Dense Depth Labels from LiDAR–Camera Fusion
A synchronized LiDAR and multi-view pipeline that increased depth-label density from 6% to 58% through calibrated frame fusion.
Project overview
| Area | Details |
|---|---|
| Goal | Generate denser depth ground truth for synchronized camera images |
| Sensors | Calibrated camera and LiDAR streams |
| Key method | Multi-frame point-cloud registration and reprojection |
I developed a ground-truth generation pipeline for dense depth estimation. A single LiDAR scan leaves most image pixels without a depth value, so the workflow registers nearby scans, aligns them to the target camera frame, and projects the fused cloud back into the image.
Pipeline
- Transform the target LiDAR scan into its synchronized camera frame using the calibrated intrinsics and extrinsics.
- Register 60 neighboring LiDAR scans with iterative closest point (ICP).
- Align the target calibrated scan with the registered multi-frame point cloud.
- Apply the recovered transformation and project the fused point cloud into the image plane.
- Store the projected values as dense depth ground truth for model training and evaluation.
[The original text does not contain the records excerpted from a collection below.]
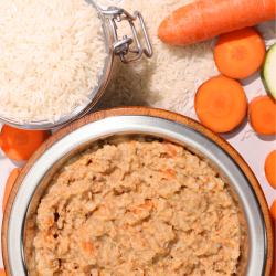 BIO arroz, BIO carne de músculo de pollo, BIO zanahorias, BIO hígado de pollo, BIO aceite de girasol de 1ª prensado, carbonato cálcico.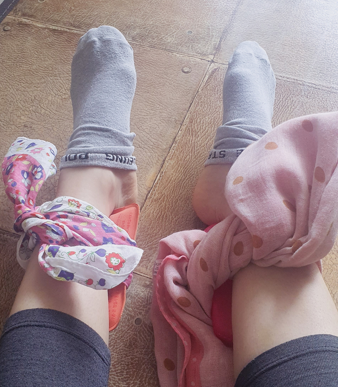 족부 통증으로 아이스팩을 아예 발에 묶어놓는 나...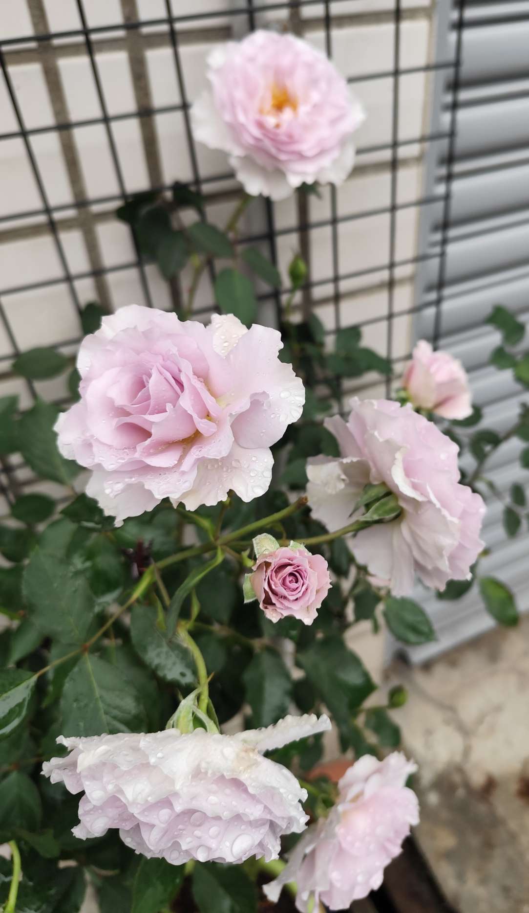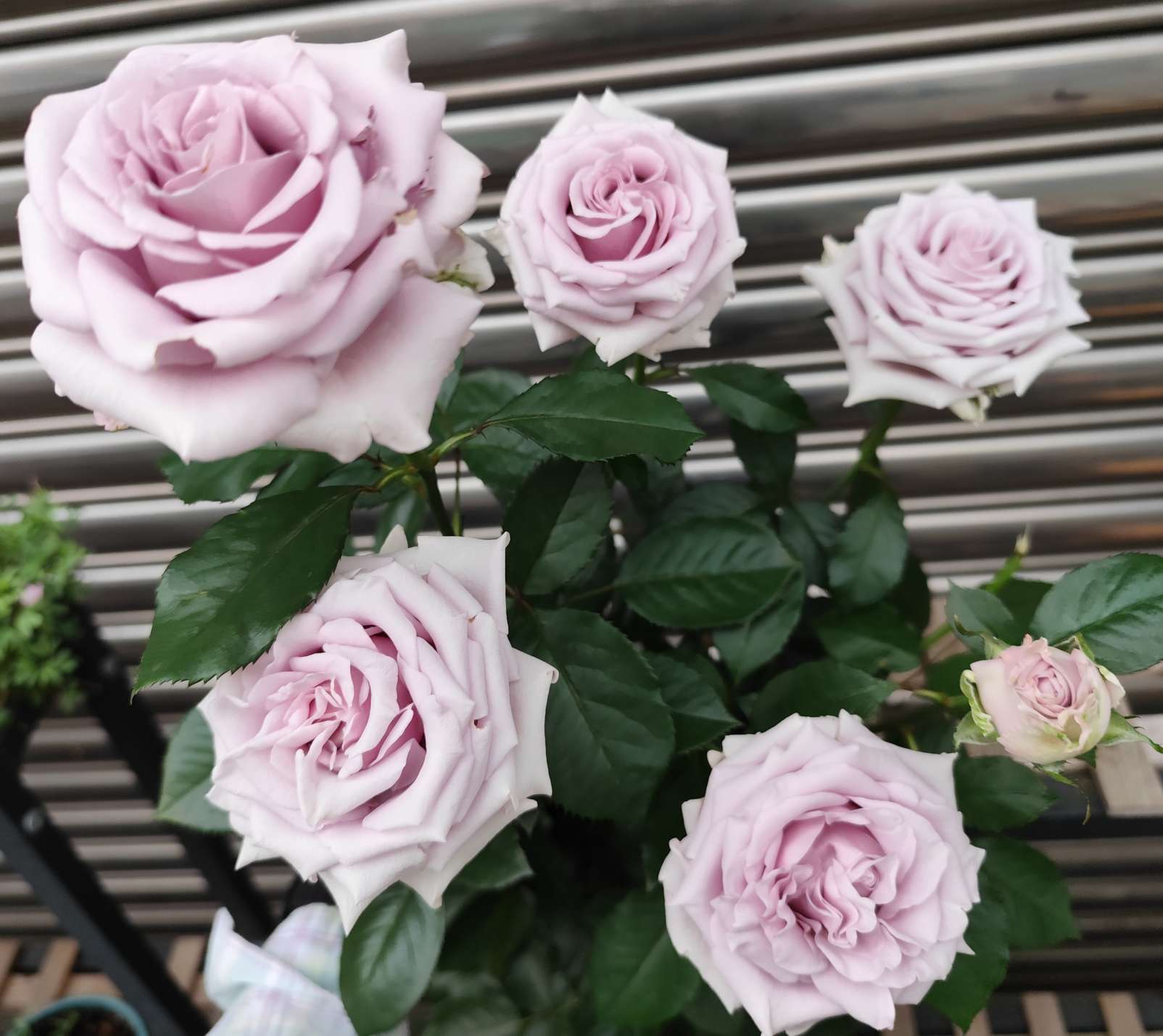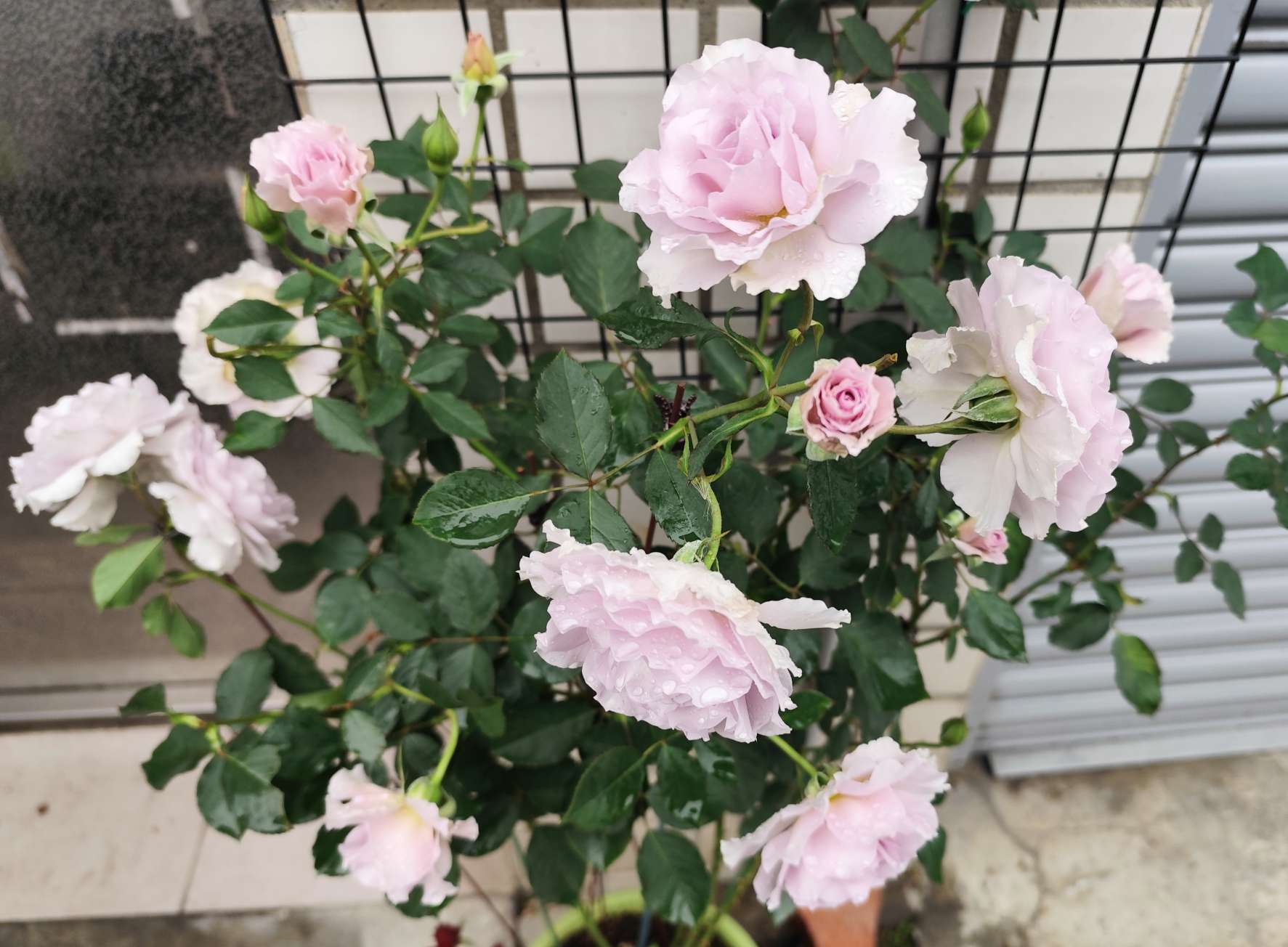 銀色光芒,4/9拍攝,八吋盆植,這是一支強筍開出的花,七大朵,一朵斷了剪除。這氮肥施過多,所以枝條超過五尺,但即便這麼高也不垂頭,花瓣厚實耐開,不淋雨也是能開將近一個月。葉子光亮厚實,不易病害,好種,推薦!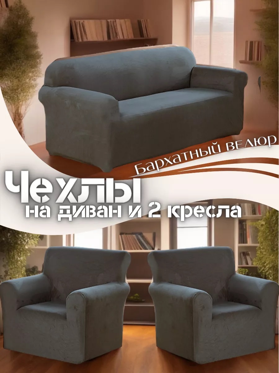 Комплект чехлов на диван и 2 кресла без оборки Бархатный велюр(мех) ,средне-серый

I also investigated RGB-guided depth completion and a multi-view stereo path using camera poses, but prioritized LiDAR-frame fusion because the ground truth should remain grounded in measured geometry rather than depend heavily on image appearance.
Sensor path
| Step | Detail |
|---|---|
| Calibration | Transform LiDAR points into the corresponding camera frame using intrinsics and extrinsics |
| Fusion | Register 60 LiDAR frames with ICP |
| Alignment | Recover the transform between the target frame and registered multi-frame cloud |
| Projection | Project the fused cloud into the image to create dense depth ground truth |
Key constraint
Accurate timestamps are essential. Camera–LiDAR synchronization errors propagate through registration and projection, reducing the reliability of the generated labels even when the geometric calibration is correct.
Result
LiDAR depth density increased from 6% with a single frame to 58% after fusing 60 frames.